Menanggapi hal tersebut, Gubernur Jawa Barat, Dedi Mulyadi, menyampaikan keprihatinannya sekaligus menekankan pentingnya pendekatan yang lebih mendidik dalam pemberian sanksi kepada siswa.
Ia mengungkapkan telah menerima laporan lengkap dari Dinas Pendidikan terkait kronologi kejadian. Pihak sekolah pun disebut telah mengambil langkah cepat dengan memanggil orang tua siswa yang terlibat serta menjatuhkan sanksi skorsing selama 19 hari.
Namun, Dedi menilai bahwa hukuman berupa skorsing semata belum tentu efektif dalam membentuk karakter siswa secara jangka panjang.
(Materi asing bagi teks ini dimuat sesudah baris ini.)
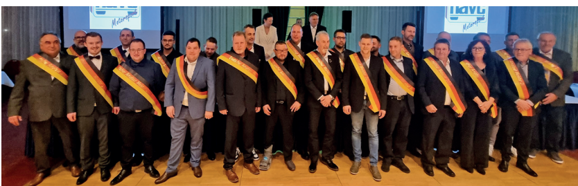
Die Meister beim Schaulaufen.

Am Ende bleibt eine Bitte von der Sportabteilung. Es waren am Ende der Ehrungen ca. 20 Pokale übrig, die für Teilnehmer vorgesehen waren, die am Abend der Feier dann nicht vor Ort waren. Deshalb jetzt schon mal die Bitte für die kommenden Jahre euch rechtzeitig abzumelden wenn Ihr nicht zur Meisterehrung kommen wollt.
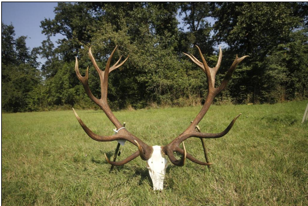
„Reifer Hirsch aus den unberührten Wäldern Serbiens!“
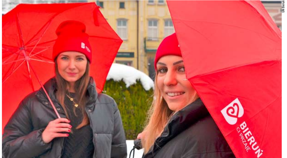
Walentynkowym upominkiem, jak najbardziej na czasie, może być śliczna czerwona czapka zimowa z logo „Bieruń Ci przaje”.

W Bieruniu wielowiekowa tradycja jest wciąż żywa, jednak akcenty
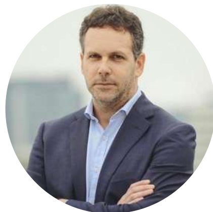
Guido Sandleris Ex Pte. del Banco Central @Gsandleris 12/05

"6% la inflación en abril, con atraso cambiario y de tarifas. A este ritmo 2022 terminaría con 96% de inflación y en un escenario optimista en 75%. Este es el resultado de un gobierno sin ideas, que financia el déficit con emisión y apuesta sólo a parches y controles para bajarla."

Menurutnya, sanksi seharusnya dirancang untuk memberikan nilai pembelajaran dan menumbuhkan kesadaran.
Sebagai solusi, ia mengusulkan agar siswa diberikan pembinaan melalui aktivitas yang bersifat tanggung jawab langsung di lingkungan sekolah. Kegiatan seperti membersihkan halaman, menyapu, hingga merawat kebersihan toilet dinilai mampu menumbuhkan empati dan rasa hormat.
Selain itu, pembinaan tersebut dapat dilakukan dalam jangka waktu satu hingga tiga bulan dengan evaluasi berkala berdasarkan perubahan sikap siswa.
Dedi juga menyoroti reaksi orang tua siswa yang menunjukkan penyesalan atas tindakan anak-anak mereka. Ia menilai hal ini menjadi momentum penting untuk memperkuat peran keluarga dalam mendukung pendidikan karakter.
Menurutnya, prinsip utama dalam pemberian sanksi bukan sekadar memberikan efek jera, melainkan harus memberikan manfaat nyata bagi perkembangan perilaku siswa.
Di akhir pernyataannya, Dedi menegaskan bahwa para siswa tetap membutuhkan bimbingan yang tepat dari orang tua maupun guru. Pendekatan yang edukatif diyakini lebih efektif dalam membentuk pribadi siswa menjadi lebih baik di masa depan.